Hasil penelitian ini menunjukkan bahwa untuk mewujudkan Malang sebagai Kota Pendidikan, pemerintah Kota Malang mencanangkan beberapa kebijakan yang tertuang di dalam rencana strategi (Renstra) Kota Malang tahun 2009-2013. Untuk mengimplementasikan kebijakan tersebut, pemerintah Kota Malang membagi menjadi 3 (tiga) tahap pengimplementasian, yaitu: (1) jangka pendek; (2) jangka menengah; dan (3) jangka panjang. Sementara ini, kebijakan-kebijakan yang diprioritas pengimplementasiannya dan sudah terimplementasikan atau terlaksana sesuai dengan prosedur yang ada, yaitu yang jangka pendek. Hal ini, dikarenakan terkait dengan anggaran yang ada dan adanya tuntutan
masyarakat untuk memperoleh fasilitas pendidikan yang baik dan berkualitas. Kebijakan yang dimaksud, yaitu: (1) Kebijakan politik pemerintah daerah yang konsisten berkelanjutan dan berorientasi pada peningkatan kualitas pendidikan; bentuk kegiatannya, yaitu: (a) Pembinaan kelembagaan dan manajemen sekolah dengan penerapan Manajemen Berbasis Sekolah (MBS) pada pendidikan dasar dan menengah; (b) Peningkatan manajemen pelayanan pendidikan; (c) Monitoring dan evaluasi program pendidikan; (d) Penerapan sistem dan informasi manajemen pendidikan; (e) Pembinaan komite sekolah. (2) Peningkatan sarana dan prasarana pendidikan; bentuk kegiatannya, yaitu: (a) Rehap sedang atau berat bangunan sekolah; (b) Penambahan ruang kelas sekolah; (c) Pengadaan buku perpustakaan; (d) Pengadaan komputer; (e) Pengadaan alat praktek dan peraga. (3) Terpenuhinya kuantitas dan kualitas tenaga pendidikan; bentuk kegiatannya, yaitu: (a) Pelatihan Teknologi Informatika; (b) Penyetaraan guru; (c) Penyediaan dana kelebihan jam mengajar bagi PNS; (d) Tambahan dana kesejahteraan Guru Tidak Tetap (GTT). (4) Membuka akses bagi seluruh lapisan masyarakat untuk masuk di semua jenjang pendidikan; bentuk kegiatannya, yaitu: (a) Pemberian bantuan operasional pendidikan non formal; (b) Pembinaan lembaga kursus; (c) Pengadaan pakaian seragam; (d) Bantuan atau subsidi biaya ujian sekolah; (e) Peningkatan mutu pendidikan bagi Pendidikan Anak Usia Dini (PAUD). Sementara itu, faktor-faktor yang berpengaruh terhadap implementasi kebijakan tersebut, terdiri dari: (1) Faktor pendukung, meliputi: (a) Politik; (b) Organisasi dan manajemen yang baik; (c) Sarana dan prasarana; (d) Partisipasi masyarakat; (e) Anggaran pendidikan; serta (f) Sosial budaya. (2) Faktor penghambat, yaitu: faktor teknis dan non teknis. Sedangkan dampak dari implementasi kebijakan tersebut, yaitu: (1) Meningkatnya efektifitas dan efisiensi pengelolaan pendidikan; (2) Meningkatnya kualitas sarana dan prasarana pendidikan; (3) Meningkatnya mutu tenaga pendidik dan tenaga kependidikan; (4) Terwujudnya pemerataan akses pendidikan bagi seluruh lapisan masyarakat dengan baik dan memadai.

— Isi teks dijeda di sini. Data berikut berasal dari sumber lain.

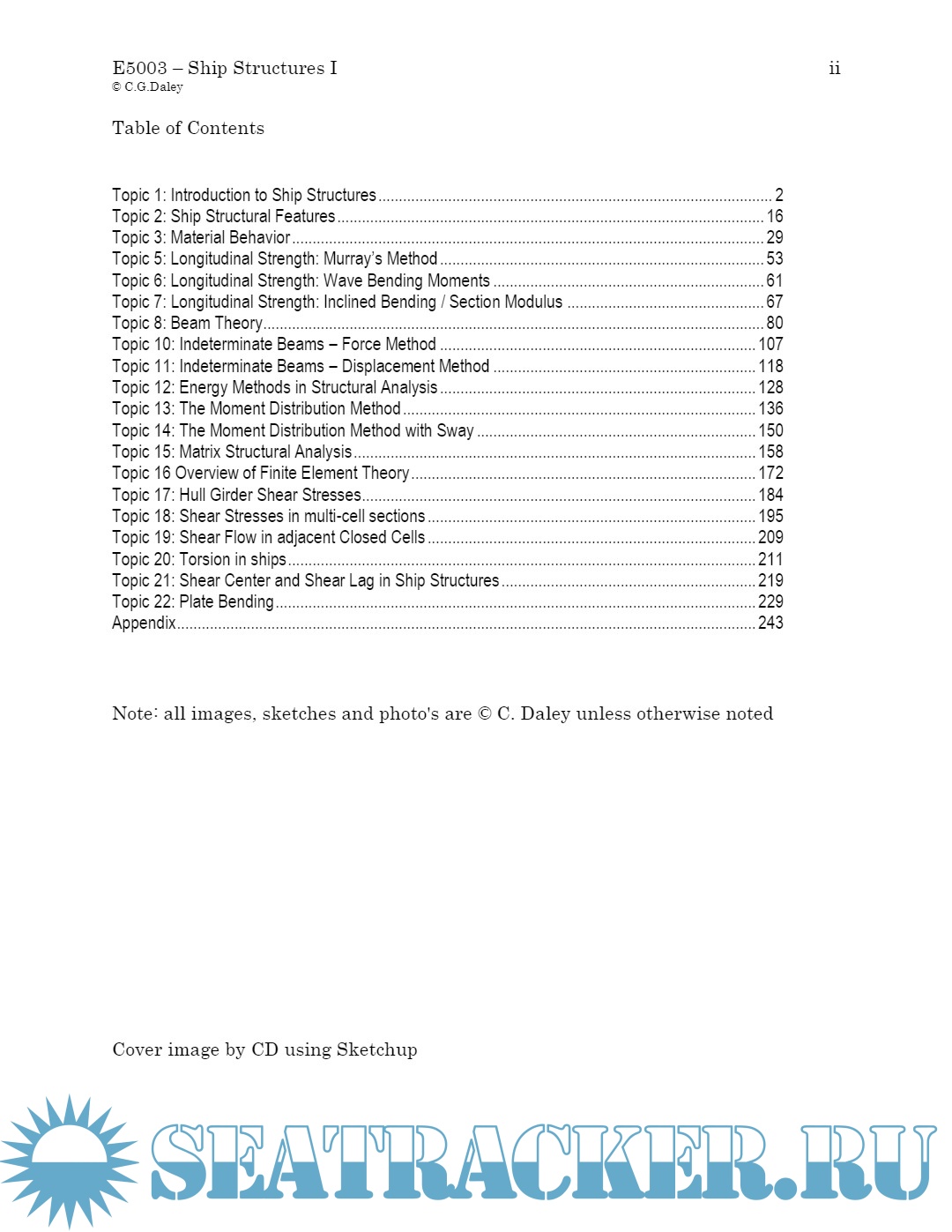 Year: 2020 Language: English Author: Claude Daley, Professor, D.Sc., P.Eng. Genre: Technical book Publisher: Memorial University Format: PDF Quality: eBook Pages count: 247 Description: The course is intended to develop the student’s knowledge of ship structures. The focus is on various types of intact structural behavior, building upon concepts from mechanics of materials. The course project will involve the design, assessment, drawing and reporting on the mid-ship scantlings (hull girder design) of a large vessel. The follow-on course (6003) will move from the consideration of intact behavior to the mechanics of structural failure. One of the aims of the course is for the students to develop the ability to make an educated guess. Such guesses are not wild or random. Educated guesses are based on sound reasoning, careful approximation and simplification of the problem. In most cases the 'guess' starts by forming an idea of the problem in its essential form, or in 'bounding' forms. Basic laws of mechanics are considered to determine what fundamental principle might govern the outcome. Most problems are governed by simple conservation laws, such as of forces, moments, momentum and/or energy. A related aim of the project is for the students to develop the ability to sketch the problem at hand, by hand and clearly. Sketching is a form of symbolic communication, no less valuable than the alphabet or algebra.
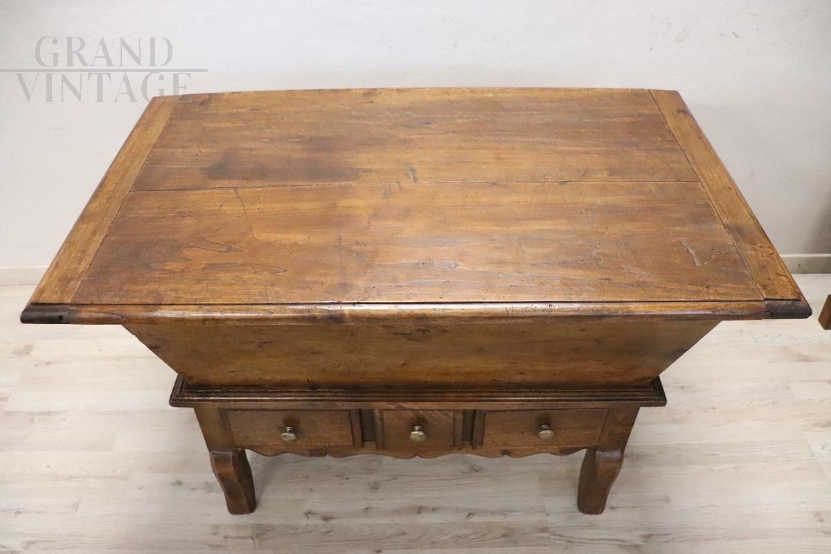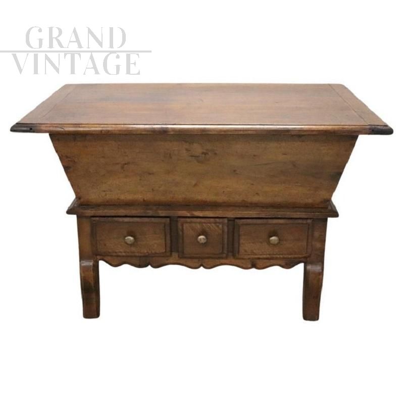 Questa squisita madia antica italiana, realizzata in legno di pioppo massiccio nel XIX secolo, è una testimonianza di semplicità e praticità. Il suo design pulito e lineare, privo di ornamenti eccessivi, la rende un complemento versatile per qualsiasi stile di arredamento. La madia è caratterizzata da un robusto piano in legno che si apre per rivelare un ampio vano interno, perfetto per una varietà di usi. Al di sotto, tre piccoli cassetti consentono di riporre comodamente gli oggetti più piccoli, migliorando la sua funzionalità. la madia è stata accuratamente restaurata per preservare il suo fascino originale, conservando i caratteristici segni del tempo. Prezzo trattabile.

Berdasarkan hasil penelitian ini, dapat disarankan sebagai berikut: (1) Pemerintah Kota Malang dalam hal ini Dinas Pendidikan Kota Malang harus berupaya terus untuk meningkatkan beasiswa pendidikan bagi anak kurang mampu, terutama bagi anak-anak jalanan yang ingin melanjutkan sekolah; (2) Perlunya memperbesar alokasi dana APBD untuk dunia pendidikan, khususnya bagi warga Kota Malang yang kurang mampu secara ekonomi.